From the result of 137Cs uptake assays, it was expected that the amount of 42K absorbed through the root was also down-regulated by SD transition. To explain the K uptake activity with seasonal change, poplar was treated with exogenous 42K application to the root and the quantity of K in shoot and root under LD3, SD2, SD4 and SD6 conditions were measured after 24 h incubation (Fig. 10.4). Contrary to our expectations, there was no difference in the amount of 42K in either root or shoot among the four conditions. These data suggest that the K demand for the rhizosphere was not changed by SD transition in poplar up to 6 weeks.
Fig. 10.4

Effect of short-day (SD) transition for 42K uptake activity in poplar. Total amount of 42K in poplar shoot and root with SD transition. 42K under each condition was treated for 24 h. Three plants were tested for each condition. Error bars represent standard deviation (n = 3). (Modified from Noda et al. (2016))

Comparing the data presented in Figs. 10.2 and 10.4, 137Cs accumulation decreased under SD6 condition but 42K accumulation remained constant through the SD transition. This inconsistency suggests that Cs accumulation might be separately controlled, and not part of the major K uptake systems in poplar. In addition, it is also implied that the responsible transporter for poplar Cs uptake might be poorly involved in K uptake because no decrease of K accumulation was observed under the low Cs accumulation condition.

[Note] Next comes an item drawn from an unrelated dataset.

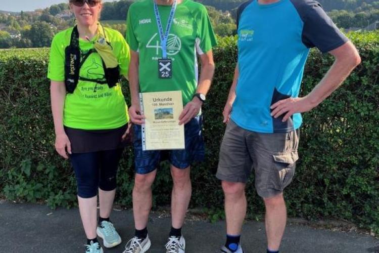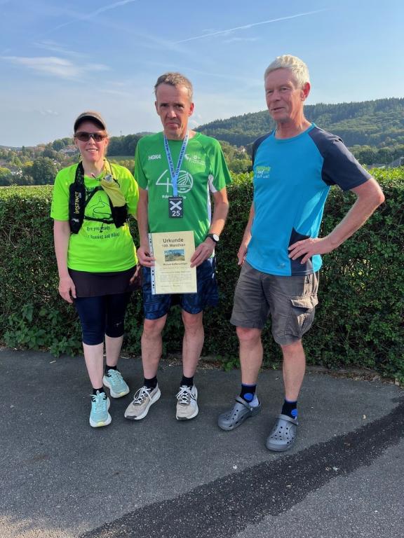 Nach Abklärung seiner Läufe mit dem Statistiker des 100 Marathon Club ist es nun amtlich: Bereits am 20. September 2025 lief Michael Kofferschläger aus Wegberg seinen 100. Marathon oder länger bei der 1. Etappe des "X 25 Schau-ins-Land-Weg Ultra" über 53 Kilometer von Bielefeld nach Georgsmarienhütte.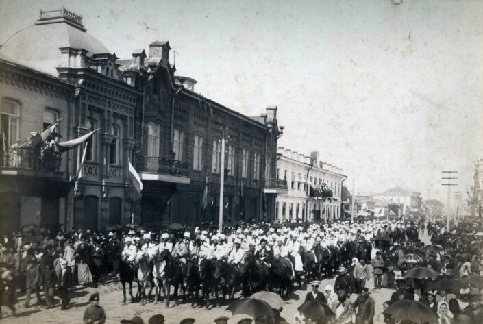 «Обыкновенно все население от мала до велика высыпало на станичные площади в праздничных нарядах, чтобы посмотреть на своего любимого атамана и услышать его ласковое слово. Часто после смотра на площадях устраивались общественные обеды с песельниками, джигитовкой и пляской».

10.4 Expression of Potassium Influx Transporters in Poplar Root

To identify the Cs uptake responsible transporter, we investigated the expression patterns of some candidate genes under SD condition. Among various K+ uptake transporters, we focused on high-affinity K+ transporters, KUP/HAK/KT family (Rubio et al. 2000; Mäser et al. 2001; Gupta et al. 2008), and low-affinity channel, cyclic-nucleotide-gated channel (CNGC) (Hua et al. 2003; Harada and Leigh 2006; Ahmad and Maathuis 2014). As for one of the KUP/HAK/KT family genes, we focused on Populus tremula K+ uptake transporter 1, PtKUP1 (POPTR_0003s13370), identified from hybrid aspen. PtKUP1 was used for the complementation test using K uptake-deficient E. coli mutant. The addition of toxic level Cs to the culture media inhibited the growth of E. coli expressing PtKUP1 strongly, suggesting PtKUP1 can transport both K and Cs (Langer et al. 2002). In addition to PtKUP1, there are eight AtHAK5 orthologue genes in Populus trichocarpa. Arabidopsis HAK5 (AtHAK5) is a well-known root K+ uptake transporter and it has been reported that the induction of AtHAK5 is enhanced by K+ deficiency (Ahn et al. 2004; Gierth et al. 2005) or by Cs+ applications when there is sufficient K+ (Adams et al. 2013). Based on the similarity of those nine putative KUP/HAK/KT family K+ transporters, POPTR_0010s10450 and POPTR_0001s00580 were chosen as highly homologous genes with AtHAK5. We identified POPTR_0010s10450 and POPTR_0001s00580 homologues in hybrid aspen T89 and named those Populus tremula x tremuloides HAK-like1 (PttHAK-like1) and PttHAK-like2, respectively. Similar to HAK-like genes, two CNGC-like genes were selected from nine AtCNGC1 homologue genes in P. trichocarpa. POPTR_0012s01690 and POPTR_0015s02090 had a higher similarity to ATCNGC1 and those homologues in hybrid aspen T89 were named PttCNGC1-like1 and PttCNGC1-like2, respectively.

The expression patterns of these genes were measured during the transition to the SD condition (Fig. 10.5). There was no significant change in PtKUP1 expression. PttHAK-like1 showed steady expression until SD4 condition and was slightly up-regulated by about 1.5-fold under SD6 condition. PttHAK-like2 exhibited the decreasing tendency in SD2 and SD4 plants, but remained statistically constant through the SD transition. Two PttCNGC1-like genes also expressed relatively constantly under SD condition.
Fig. 10.5

Effect of short-day (SD) transition on transcriptional expression of HAK and CNGC orthologue genes in poplar root. Total RNA was isolated from root and these gene transcript levels were analyzed by qRT-PCR. UBIQUTIN was used as the reference gene. All gene expression levels were normalized by expression level of LD3 condition. Error bars represent standard deviation. * indicated significant difference to the level of LD3 expression level (* <0.01). (Modified from Noda et al. (2016))

In this experimental condition, dormant buds were formed up to 4 weeks after starting the short-day treatment and, therefore, the re-translocation of K should have already commenced at SD6. However, the results showed that the 42K accumulation through root uptake and gene expression related to the root K uptake were almost constant. Steady-state of K requirement under SD condition seems to indicate abundant K was stored in the plant body and the change of K demand might be covered by the internal re-translocation.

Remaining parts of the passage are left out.